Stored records
--- START ---

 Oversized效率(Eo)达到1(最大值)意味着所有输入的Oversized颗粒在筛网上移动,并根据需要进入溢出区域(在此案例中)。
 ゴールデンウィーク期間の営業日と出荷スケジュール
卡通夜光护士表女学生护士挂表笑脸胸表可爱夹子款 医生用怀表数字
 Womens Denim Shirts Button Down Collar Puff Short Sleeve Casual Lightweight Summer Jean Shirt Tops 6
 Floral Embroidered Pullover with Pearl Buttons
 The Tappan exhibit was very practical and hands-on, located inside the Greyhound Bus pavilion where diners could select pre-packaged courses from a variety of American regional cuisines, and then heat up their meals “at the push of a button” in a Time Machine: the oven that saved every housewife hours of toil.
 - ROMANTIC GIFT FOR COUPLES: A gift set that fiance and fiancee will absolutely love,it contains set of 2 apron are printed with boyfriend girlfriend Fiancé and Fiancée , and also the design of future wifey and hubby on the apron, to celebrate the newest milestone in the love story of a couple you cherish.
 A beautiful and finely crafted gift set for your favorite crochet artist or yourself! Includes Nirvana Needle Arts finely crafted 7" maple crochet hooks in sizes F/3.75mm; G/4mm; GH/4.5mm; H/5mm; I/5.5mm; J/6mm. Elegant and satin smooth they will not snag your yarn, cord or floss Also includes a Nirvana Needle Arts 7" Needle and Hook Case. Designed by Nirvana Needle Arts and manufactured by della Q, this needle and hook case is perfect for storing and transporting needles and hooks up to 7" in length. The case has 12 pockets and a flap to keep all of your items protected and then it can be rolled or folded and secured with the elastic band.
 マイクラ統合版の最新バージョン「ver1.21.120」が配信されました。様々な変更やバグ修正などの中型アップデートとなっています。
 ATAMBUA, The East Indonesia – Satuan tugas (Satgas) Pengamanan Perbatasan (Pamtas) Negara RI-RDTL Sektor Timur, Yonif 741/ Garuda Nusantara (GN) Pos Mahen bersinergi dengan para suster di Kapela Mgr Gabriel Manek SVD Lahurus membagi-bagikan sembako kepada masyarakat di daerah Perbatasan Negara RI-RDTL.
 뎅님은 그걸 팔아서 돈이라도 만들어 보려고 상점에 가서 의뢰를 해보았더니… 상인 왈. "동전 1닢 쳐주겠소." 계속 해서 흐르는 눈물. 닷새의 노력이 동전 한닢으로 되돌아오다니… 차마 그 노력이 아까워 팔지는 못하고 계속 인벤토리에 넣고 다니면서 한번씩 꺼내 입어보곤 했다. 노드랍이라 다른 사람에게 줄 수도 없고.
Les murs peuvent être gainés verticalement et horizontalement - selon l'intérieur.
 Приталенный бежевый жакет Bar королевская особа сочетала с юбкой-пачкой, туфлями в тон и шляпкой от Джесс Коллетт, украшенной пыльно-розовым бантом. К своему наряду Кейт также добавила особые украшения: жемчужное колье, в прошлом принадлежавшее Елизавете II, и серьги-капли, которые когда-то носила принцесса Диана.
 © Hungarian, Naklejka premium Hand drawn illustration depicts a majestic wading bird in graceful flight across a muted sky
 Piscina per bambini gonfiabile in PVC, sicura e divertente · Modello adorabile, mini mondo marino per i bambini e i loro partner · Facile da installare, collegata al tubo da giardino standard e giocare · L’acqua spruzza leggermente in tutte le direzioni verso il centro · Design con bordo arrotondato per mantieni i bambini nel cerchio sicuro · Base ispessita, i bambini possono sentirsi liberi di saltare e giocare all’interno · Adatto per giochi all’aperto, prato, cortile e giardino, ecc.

--- END ---

◆ **Work to be completed**: Starting at the line that contains "卡通夜光护士表女学生护士挂表笑脸胸表可爱夹子款 医生用怀表数字" and stopping after the line that contains "Floral Embroidered Pullover", write out every line exactly as it appears above, and no other line.

◆ **Task result**:
卡通夜光护士表女学生护士挂表笑脸胸表可爱夹子款 医生用怀表数字
 Womens Denim Shirts Button Down Collar Puff Short Sleeve Casual Lightweight Summer Jean Shirt Tops 6
 Floral Embroidered Pullover with Pearl Buttons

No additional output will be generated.